Dua percobaan prospektif [497, 502] telah melaporkan toleransi hemodinamik yang lebih
baik dengan pengobatan terus menerus, tanpa perbaikan perfusi regional [502] dan tidak ada
manfaat kelangsungan hidup [497]. Empat penelitian lainnya tidak menemukan perbedaan
yang signifikan dalam MAP atau penurunan tekanan sistolik antara kedua metode [498, 500,
501, 503]. Dua penelitian melaporkan adanya peningkatan yang signifikan dalam pencapaian
tujuan metode kontinyu [497, 499] mengenai pengelolaan keseimbangan cairan . Dua RCT
tambahan yang melaporkan efek dosis CRRT pada hasil pada pasien dengan gagal ginjal akut
diidentifikasi dalam tinjauan literatur saat ini [504, 505]. Kedua penelitian tersebut
mendaftarkan pasien dengan sepsis dan cedera ginjal akut dan tidak menunjukkan adanya
perbedaan dalam mortalitas yang terkait dengan dosis RRT yang lebih tinggi.
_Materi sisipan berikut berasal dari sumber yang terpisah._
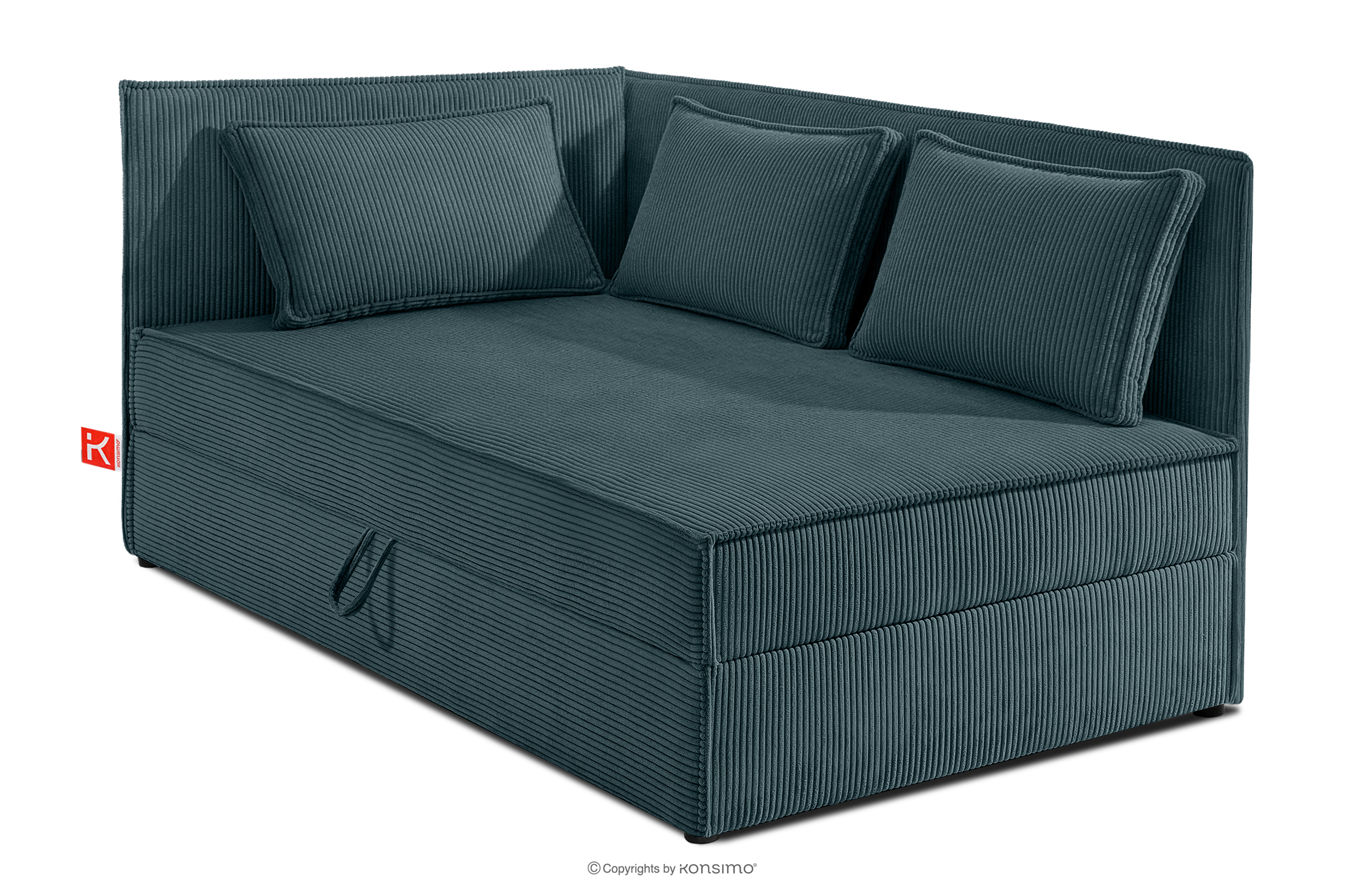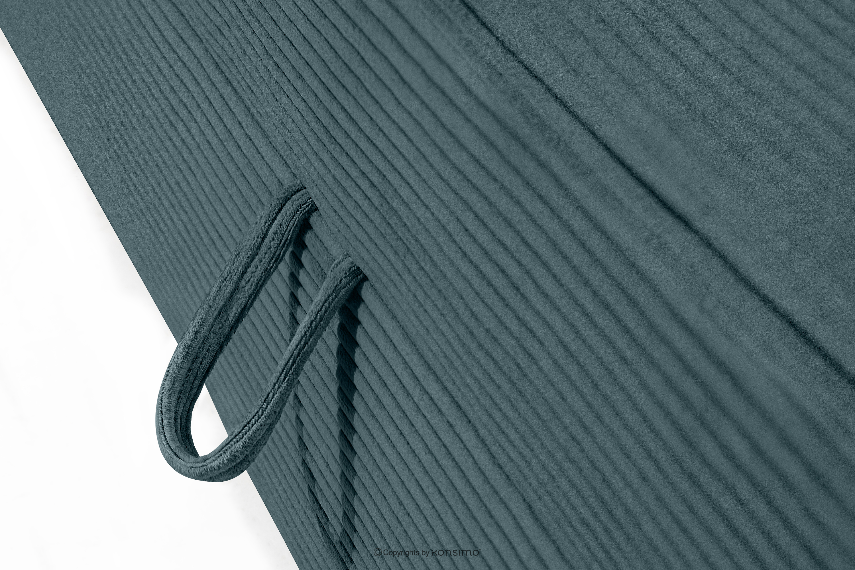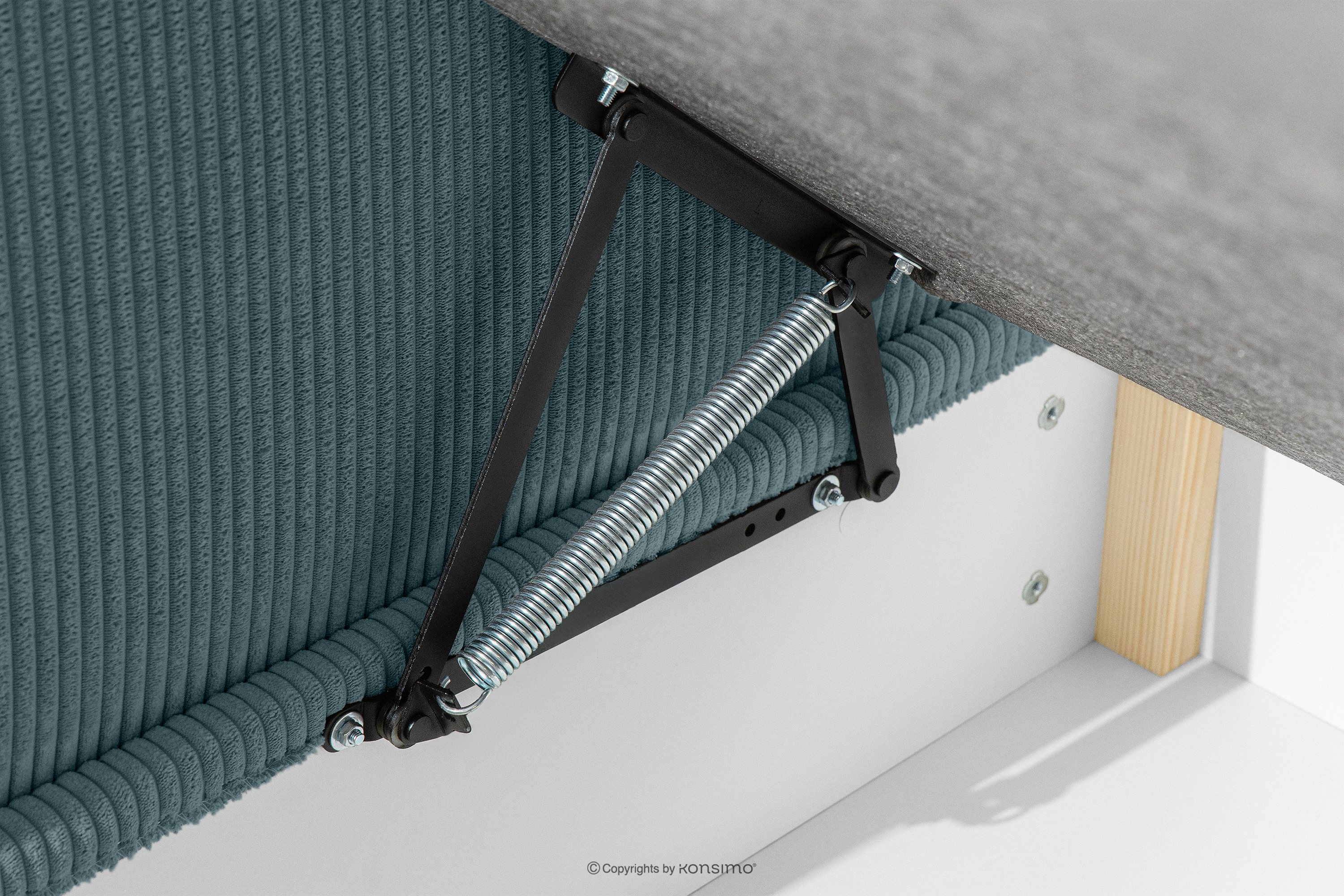 ROTI zobacz całą kolekcję Łóżko 90 cm dla nastolatka z oparciem w tkaninie sztruks niebieski- kolor niebieski
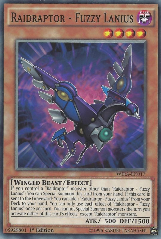 If you control a "Raidraptor" monster other than "Raidraptor - Fuzzy Lanius": You can Special Summon this card from your hand. If this card is sent to the Graveyard: You can add 1 "Raidraptor - Fuzzy Lanius" from your Deck to your hand. You can only use each effect of "Raidraptor - Fuzzy Lanius" once per turn. You cannot Special Summon monsters the turn you activate either of this card's effects, except "Raidraptor" monsters.
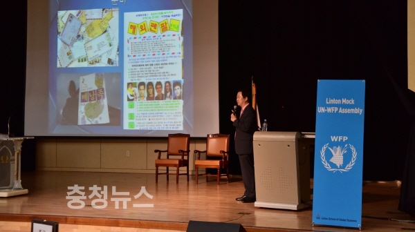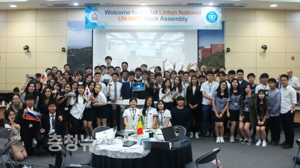 한남대학교(이덕훈 총장) 린튼글로벌비즈니스스쿨(박광일 학장)과 전국 고등학교 학생 300여 명이 참여한 제1회 전국고등학생 린튼 모의UN-WFP총회가 지난 3일 한남대학교 56주년 기념관에서 개최됐다.
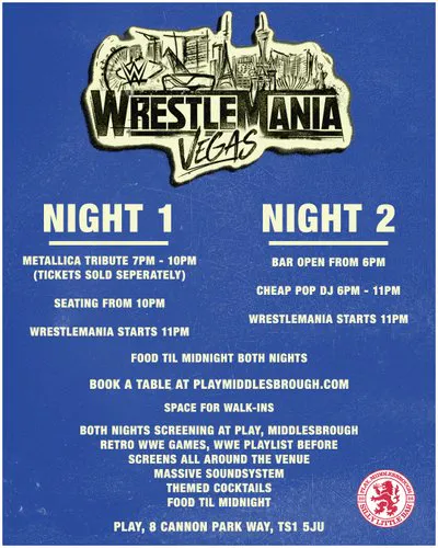 (Please note we're hosting a Metallica Tribute Gig before Wrestlemania which will finish at 10:30pm - gig tickets can be bought on our website)
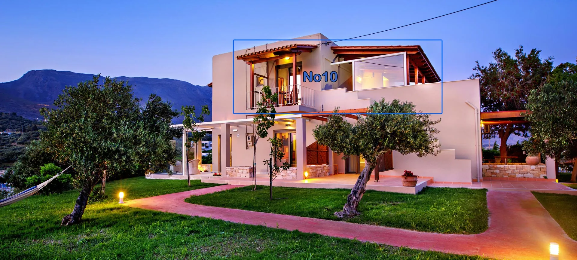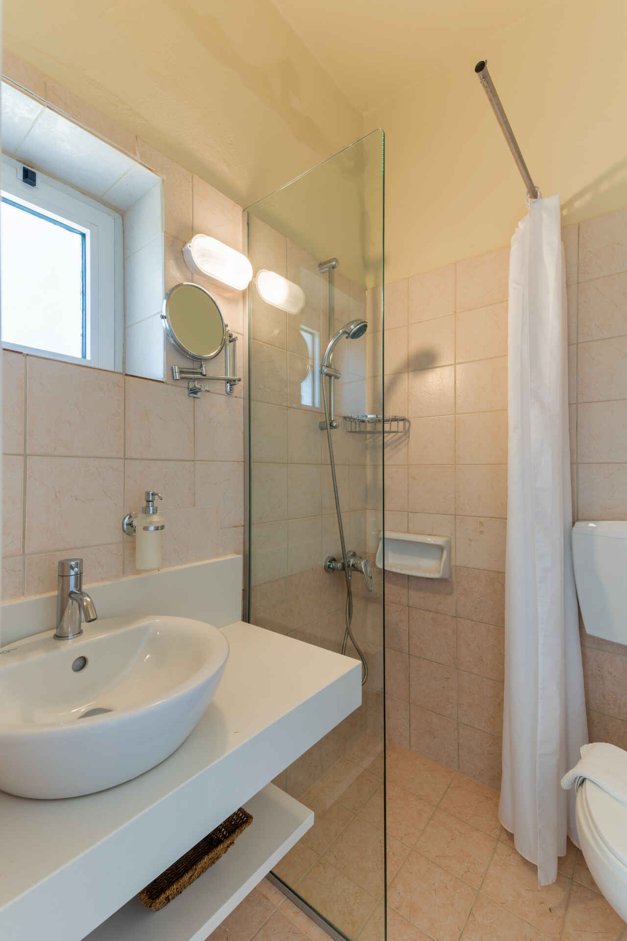 Α second very big balcony (40 sq.m.), decorated with traditional wooden tile roof and view to the mountains and the sea. This huge balcony is in common use for the customers of the next door studio No 9.
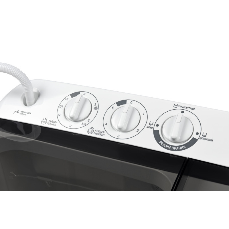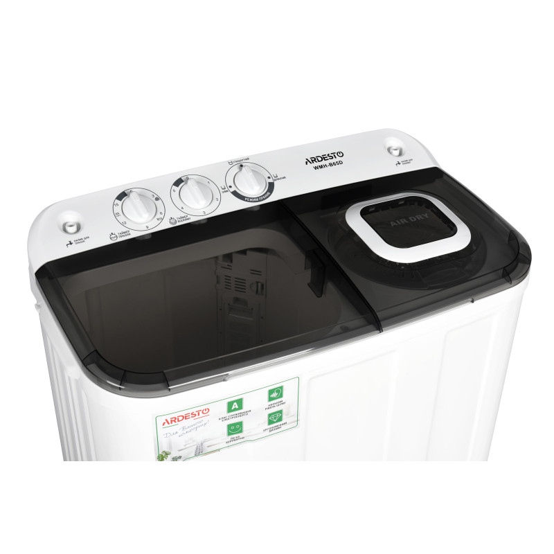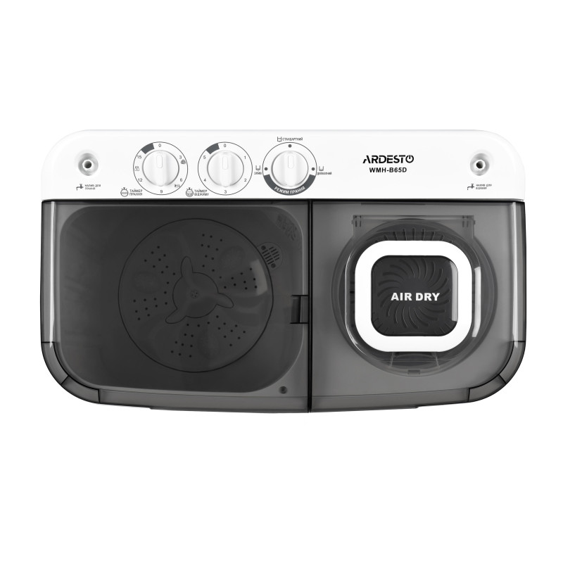 Напівавтоматична пральна машина з вертикальним завантаженням білизни та центрифугою для віджиму. Об’єм баку – 6,5 кг. Таймер прання розрахований на 15 хвилин та на 5 хвилин для віджиму. Клас енергозбереження – A. Є два режими прання – делікатне та звичайне, а також передбачена функція реверсу. Вага WMH-B65D складає 18.5 кг.

Dua uji coba acak multisenter yang besar membandingkan dosis penggantian ginjal
(Jaringan Gagal Ginjal Gagal Ginjal di Amerika Serikat dan Studi RENAL di Australia dan
Selandia Baru) juga gagal menunjukkan manfaat dosis pengganti ginjal yang lebih agresif
[506, 507]. Meta-analisis pasien sepsis yang termasuk dalam semua RCT yang relevan (n =
1505) tidak menunjukkan hubungan yang signifikan Antara dosis dan mortalitas; perkiraan
titik, bagaimanapun, mendukung dosis CRRT> 30 mL / kg / jam. Karena risiko bias,
inkonsistensi, dan ketidaktepatan, kepercayaan diri Perkiraannya sangat rendah; Penelitian
lebih lanjut diindikasikan Dosis khas untuk CRRT adalah 20-25 mL / kg / jam limbah
buangan.
Satu percobaan kecil dari tahun 2002 [504] dievaluasi awal versus "terlambat" atau
"tertunda" inisiasi RRT; Ini hanya mencakup empat pasien dengan sepsis dan tidak
menunjukkan manfaat CRRT awal. Sejak itu, dua RCT yang relevan [508, 509] diterbitkan
pada tahun 2016. Hasilnya menunjukkan kemungkinan manfaat baik [509] atau kerugian
[508] untuk kematian, peningkatan penggunaan dialisis, dan peningkatan infeksi garis tengah
dengan RRT awal. Kriteria pendaftaran dan waktu inisiasi RRT berbeda dalam dua
percobaan. Hasil dinilai memiliki kepastian yang rendah berdasarkan ketidaksamaan (banyak
pasien nonseptik) dan ketidaktepatan untuk kematian. Kemungkinan bahaya (misalnya,
infeksi garis tengah) mendorong keseimbangan risiko dan manfaat terhadap inisiasi dini Dari
RRT Sementara itu, dampak dan biaya yang tidak diinginkan tampaknya lebih besar daripada
konsekuensi yang diinginkan; Oleh karena itu, kami sarankan untuk tidak menggunakan RRT
pada pasien dengan Sepsis dan luka ginjal akut untuk peningkatan kreatinin atau oliguria
tanpa indikasi pasti lainnya untuk dialisis.